LIASSON: Right. But look; for a party that's only won the national popular vote once since 1988 - has to rely on either minoritarian institutions or things like election subversion and voter suppression to win. Yes, it's possible for Republicans to win fair and square. They just did that in Virginia. But what all these laws are doing - they're like an insurance policy. If the presidential election in Arizona or Georgia is close in 2024, they now have put in place the mechanisms for making sure they don't lose a close race.

PARKS: How can Democrats or how are Democrats going to combat this, you know, in 2022 and 2024? Because up to this point, they have been really unsuccessful at being able to communicate to their voters about the kind of in-the-weeds issues when it comes to elections.

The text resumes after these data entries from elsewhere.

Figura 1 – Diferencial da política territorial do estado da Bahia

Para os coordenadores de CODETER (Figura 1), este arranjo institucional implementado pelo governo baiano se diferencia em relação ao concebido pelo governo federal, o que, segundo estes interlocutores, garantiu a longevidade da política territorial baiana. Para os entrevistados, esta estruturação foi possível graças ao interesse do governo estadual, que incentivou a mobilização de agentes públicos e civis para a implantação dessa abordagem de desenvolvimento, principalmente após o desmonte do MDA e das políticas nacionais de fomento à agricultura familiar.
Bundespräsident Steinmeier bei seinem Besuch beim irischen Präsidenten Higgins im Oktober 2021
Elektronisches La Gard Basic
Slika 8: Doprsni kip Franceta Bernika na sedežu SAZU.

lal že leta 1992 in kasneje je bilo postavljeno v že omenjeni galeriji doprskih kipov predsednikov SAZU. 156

I've been reporting over the last week about this failure on the part of the Democratic Party to pass election reforms in New York last week. New York was a - you know, went for Joe Biden by more than 20 percentage points in 2020, and yet the state voted not to pass no-excuse absentee voting, which we know is very popular among Democrats. And so there is a disconnect. Democrats seem to say that they are prioritizing these sorts of issues, and yet there's been a failure to act at the local state level on them.

LIASSON: Right. And, you know, you can say New York, the problem isn't as urgent for Democrats, but it's a good test case, you know...

PARKS: Right.

LIASSON: ...For something that they supposedly believe in. Look; Sarah Longwell, who's an anti-Trump Republican who does a lot of focus groups, she was in my story. And basically, she said, look; if there's not going to be a policy solution, if Joe Manchin is not going to agree on a carve out for the filibuster so you can pass some voting rights laws, the only solution is political. Democrats simply have to win more races.

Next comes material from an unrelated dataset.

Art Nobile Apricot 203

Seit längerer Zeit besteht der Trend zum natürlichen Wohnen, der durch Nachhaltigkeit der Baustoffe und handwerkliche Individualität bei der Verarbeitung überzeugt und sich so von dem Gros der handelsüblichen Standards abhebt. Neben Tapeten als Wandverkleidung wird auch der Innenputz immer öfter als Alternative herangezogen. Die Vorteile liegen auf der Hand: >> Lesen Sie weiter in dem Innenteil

SARAH LONGWELL: So right now, Trump is going around endorsing candidates who, for the most part, bolster and repeat his claims that the election were stolen. They also say openly that they would potentially not certify the 2024 elections depending on how they turn out. And so you have to beat candidates like that.

LIASSON: And this just adds to the mountain of problems that Democrats have right now when they're looking forward to the next cycle.

DETROW: Right, going into an election where a lot of these voting restrictions will be law and going into an election cycle where, at the moment, there are massive headwinds of a strange economy filled with inflation and many other things working against the party right now.

LIASSON: Yeah. It's hard to see the optimistic scenario here for Democrats and for people who care about democracy. Let's face it.

DETROW: All right then. I kind of want to, like, do an early Can't Let It Go after this conversation. But, I mean, the fact is this is a real storyline. This is probably the most important thing happening in politics, and we are going to keep having these conversations going forward. So I'm appreciative of both of your reporting, even though I'm going to be in a really bad mood after the taping of this podcast.

PARKS: Sorry, Scott.

LIASSON: That's why they call me Marapocalypse (ph).


PARKS: I haven't heard that.

DETROW: I'm Scott Detrow. I cover the White House.

PARKS: I'm Miles Parks. I cover voting.

LIASSON: And I'm Mara Liasson, national political correspondent.

DETROW: And apocalyptic bringer of doom - thank you for listening to the NPR POLITICS PODCAST.